If the problem is hardware related, MySQL probably won't be able to log anything more useful about it.
What exactly do you mean by the tables are becoming corrupted? |
I forgot to mention, the storage engine is innodb.
A mysqlcheck on the table produces an error. Here is what the error.log has:
Code:
InnoDB: Database page corruption on disk or a failed
InnoDB: file read of page 1477671.
InnoDB: You may have to recover from a backup.
130314 8:34:42 InnoDB: Page dump in ascii and hex (16384 bytes):
len 16384; hex [hex string deleted]
130314 8:34:42 InnoDB: Page checksum 412120851, prior-to-4.0.14-form checksum 2820154251
InnoDB: stored checksum 921764659, prior-to-4.0.14-form stored checksum 2820154251
InnoDB: Page lsn 922 3852332481, low 4 bytes of lsn at page end 3852332481
InnoDB: Page number (if stored to page already) 1477671,
InnoDB: space id (if created with >= MySQL-4.1.1 and stored already) 0
InnoDB: Page may be an index page where index id is 0 551733
InnoDB: (index PRIMARY of table [database]/[table])
InnoDB: Database page corruption on disk or a failed
InnoDB: file read of page 1477671.
InnoDB: You may have to recover from a backup.

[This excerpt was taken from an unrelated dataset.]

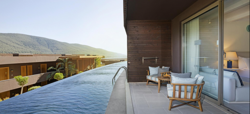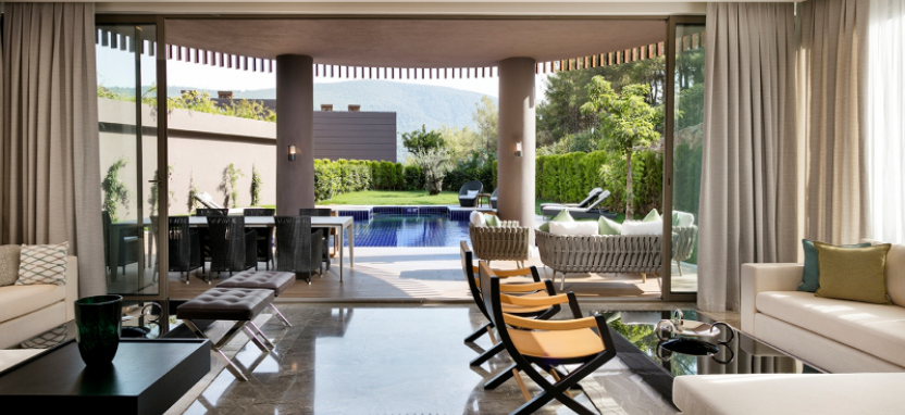 Superior Villa (300 кв. м) - трехуровневая вилла. Терраса с открытым персональным бассейном, балконы, гостиная с обеденной и кухонной зоной, 2 спальни, гардеробная, сауна, 3 ванные комнаты. Вид на море и окрестности. Услуги персонального дворецкого. Гости данных номеров имеют особые привилегии.

InnoDB: It is also possible that your operating
InnoDB: system has corrupted its own file cache
InnoDB: and rebooting your computer removes the
InnoDB: error.
InnoDB: If the corrupt page is an index page
InnoDB: you can also try to fix the corruption
InnoDB: by dumping, dropping, and reimporting
InnoDB: the corrupt table. You can use CHECK
InnoDB: TABLE to scan your table for corruption.
I have been successful in dumping table, dropping table, and restoring table from the dumped .sql file. I have also restored corrupted tables from daily backups.
The error log does e4eem to suggest a hardware issue, but then why is it that can restore the table from a dump of itself?